Тим напрягся и кивнул.

 

IV

Жили-были два брата-акробата…

Ох уж мне эти родственные узы. Может, как-нибудь без них? Нет, я ведь уже знаю, что они братья. Если придумать, что это не так, я сама себе не поверю. Что там еще такое, что обязательно надо включить в сказку для достоверности? Физиономии у них больно воинственные.

Жили-были два брата-генерала. Старший был главарем огромной космическо-пиратской организации. Он всегда носил космические доспехи белого цвета, которые очень шли к его пепельным волосам. Звали его… что попроще-то? Иван Петрович, что ли? С его внешностью не вяжется. Ян-Натан. У него была резиденция в роскошном дворце на маленькой живописной планете, с которой много лет назад он выбил нафиг всех колонистов. В резиденции базировался весь пиратский штаб, а на рейде, ой, на орбите планеты находились пиратские корабли и защитные орудия. У самого Ян-Натана в личном пользовании был флагман всей эскадры — огромный белый корабль с новейшим вооружением, жилыми отсеками и научными лабораториями. В периоды перемирия он навещал свою родную Ледяную планету, на которой никто другой находиться не мог, поскольку ее атмосфера для жизни непригодна. Там он напитывался энергией и отдыхал. И в одиночестве продумывал планы пиратских нападений…

Младший брат, Дан-Натан, служил в армии какой-нибудь космической или галактической конфедерации. Самым главным военачальником. Он был настолько крут, что на конфедерацию давно никто не нападал, и ему было нечего делать. Его родина… Янтарная планета, мало того, что для жизни непригодна, да еще и сейсмически беспокойна. В общем, на ней тоже, кроме него, никто жить не мог.

Ну и как же они братья? Родились даже не на одной планете. О! они вообще не родились!

Их сделали сами планеты. Они перворожденные! Нет, красивее, если их сделали звезды… они объединяли потоки своей космической энергии, уплотняли ее до твердого агрегатного состояния, и так у них получились живые существа… И даже так: звезды создали планеты, чтобы потом на них поселились их дети! Только детям дома стало скучно, и они подались к другим людям. Ну правильно, кто ж по одному детей делает? Как положено перворожденным, они воплощали все мечты своих родителей: были очень сильными и красивыми, могли выживать в любых условиях… почти в любых условиях, легко воспринимали и анализировали информацию, запоминали тоже, и органов чувств у них было несколько больше, ну, там, улавливали они электромагнитное и радиоактивное излучение, прочие, до которых на Земле еще не додумались, сами могли чего-нибудь излучать.

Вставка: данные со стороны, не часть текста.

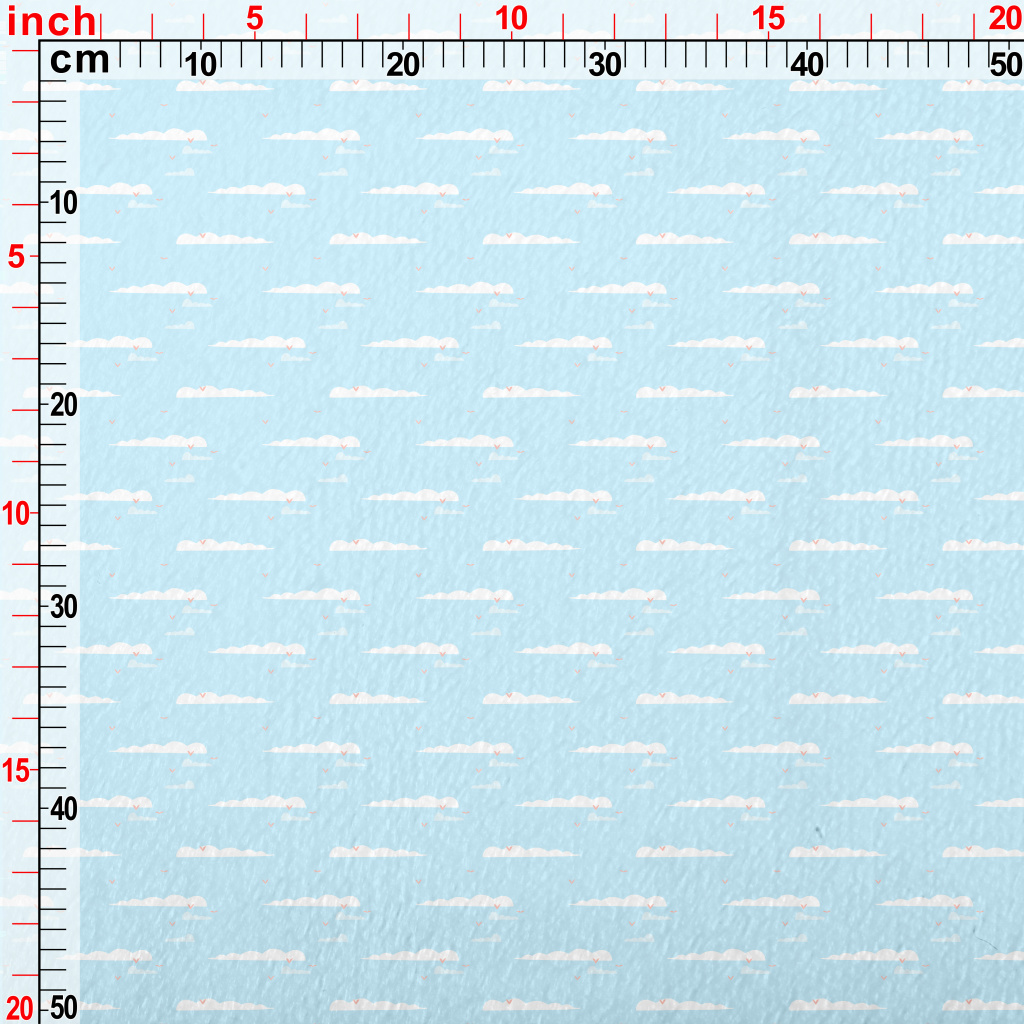 雲彩和藍天與飛鳥法蘭絨(幅寬150公分)

Когда сказка-то начнется? Мне ж ее до вечера сочинить надо!

Вот. Однажды Дан-Натан упал на Землю. У него корабль сломался, флагманский. Нет, не сломался, его подбили враги. Такие, про которых еще никто не знал, что они враги — некая негуманоидная и даже небелковая раса, серые облачка с синими глазами, которые решили подчинить себе все остальные разумные расы Вселенной. Они задумали напасть на конфедерацию, и для начала вывели из строя главнокомандующего ее армией. Но что поломка флагманского корабля подстроена, никто сразу не понял. Народу там немного было, они завершали какую-то научную экспедицию, поэтому в основном экипаж состоял из ученых-ботаников, в смысле, биологов, химиков и физиков. Корабль совершил аварийную посадку, допустим, в огромном-густом-труднопроходимом лесу, и там стал чиниться. Пока он чинился, Дан-Натан со своим молодым и красивым помощником исследовал Землю. Не выходя из корабля. Он улавливал телевизионные трансляции. И тут случилось страшное. Из-за неполадок во внутренней защите освободились эвакуированные с других планет хищные животные, и принялись пожирать обслуживающий лабораторию персонал…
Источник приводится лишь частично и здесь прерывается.